Abstract

Generative Adversarial Networks (GANs) have shown potential in medical imaging. In this study, several previously developed GANs were investigated for prostate cancer (PCa) detection on T2-weighted (T2W) magnetic resonance images (MRI).T2W MRI from an in-house collected dataset (N=961) were used to train, validate, and test an automated computer-aided detection (CAD) pipeline. The open-access PROSTATEx training dataset (N=199) was used as an external test set. The CAD pipeline consisted of normalization, prostate segmentation, quality control, prostate gland cropping, and a GAN model. Six GANs (f-AnoGAN, HealthyGAN, StarGAN, StarGAN-v2, Fixed-Point-GAN and DeScarGAN) were evaluated for PCa detection on the patient-level using the area under the receiver operating characteristic curve (AUC).

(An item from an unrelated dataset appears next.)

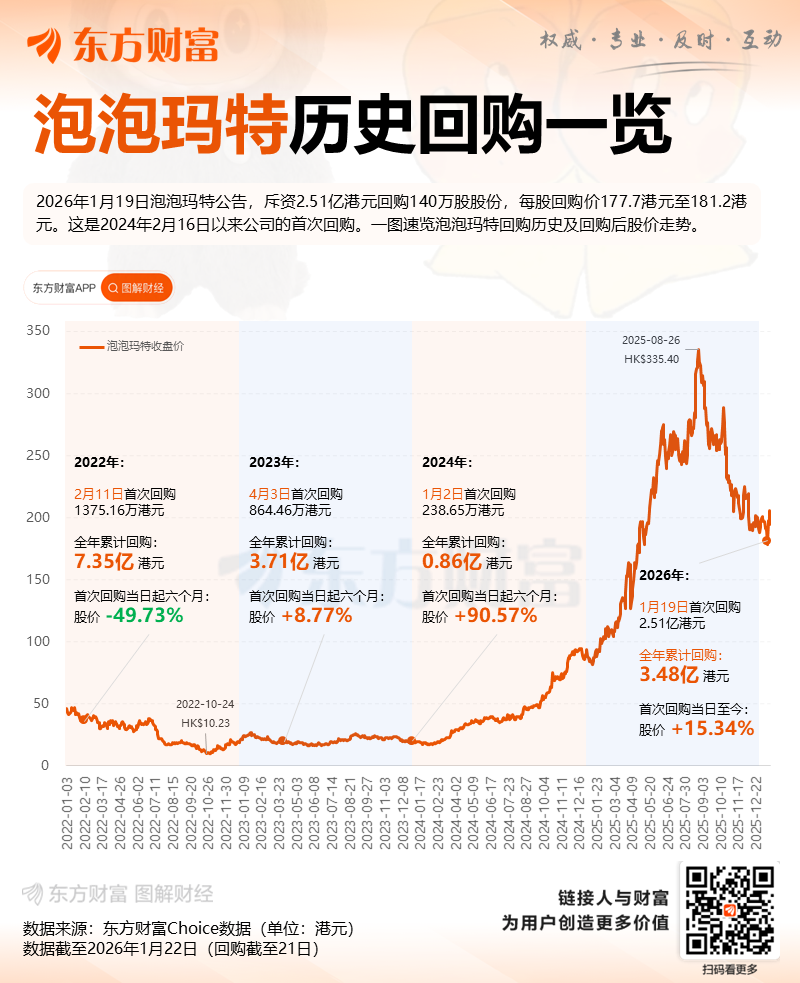 在产品热度攀升的同时,公司通过资本运作强化市场信心。1月21日晚间公告显示,泡泡玛特当日斥资9649万港元回购50万股股份,回购价区间为191.1至194.9港元。此举为本周内第二次回购,累计金额近3.5亿港元。密集的回购行动表明管理层对当前估值的认可及对未来增长的坚定预期。
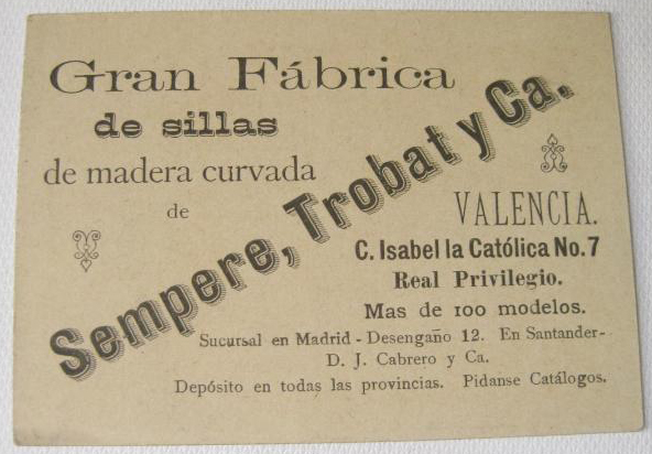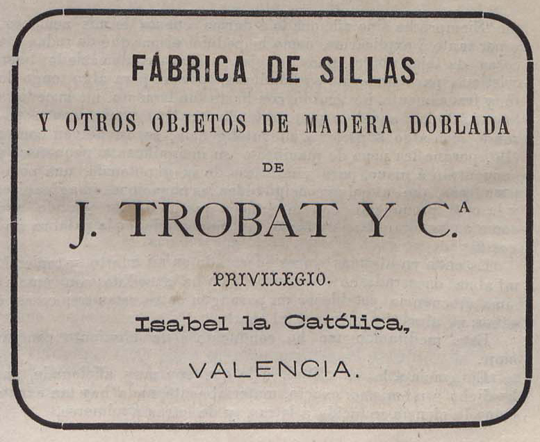 “La Exposición regional ha producido el excelente resultado de llamar la atención sobre algunas industrias nuevas en Valencia: entre ellas es quizás la principal la fábrica de muebles de madera doblada del Sr. Trobat, que apenas cuenta tres años de existencia, y compite ya con la industria extranjera.

The best performing GAN (validation set) was trained with five different initializations and evaluated on the internal and external test sets to assess its robustness.Fixed-Point-GAN performed best (validation, AUC 0.76) and was selected for further assessment. The highest performance on the internal and external test sets were an AUC of 0.73 (95% CI: 0.68-0.79) and 0.77 (95% CI: 0.70-0.83), respectively. The average AUCs ± standard deviation across all runs corresponded to 0.71 ± 0.01 and 0.71 ± 0.04, respectively.Fixed-Point-GAN was identified as a promising GAN for the detection of PCa on T2W MRI. This model needs to be further investigated and trained on a larger dataset of multiparametric or biparametric MR images to assess its full potential as a support tool for radiologists.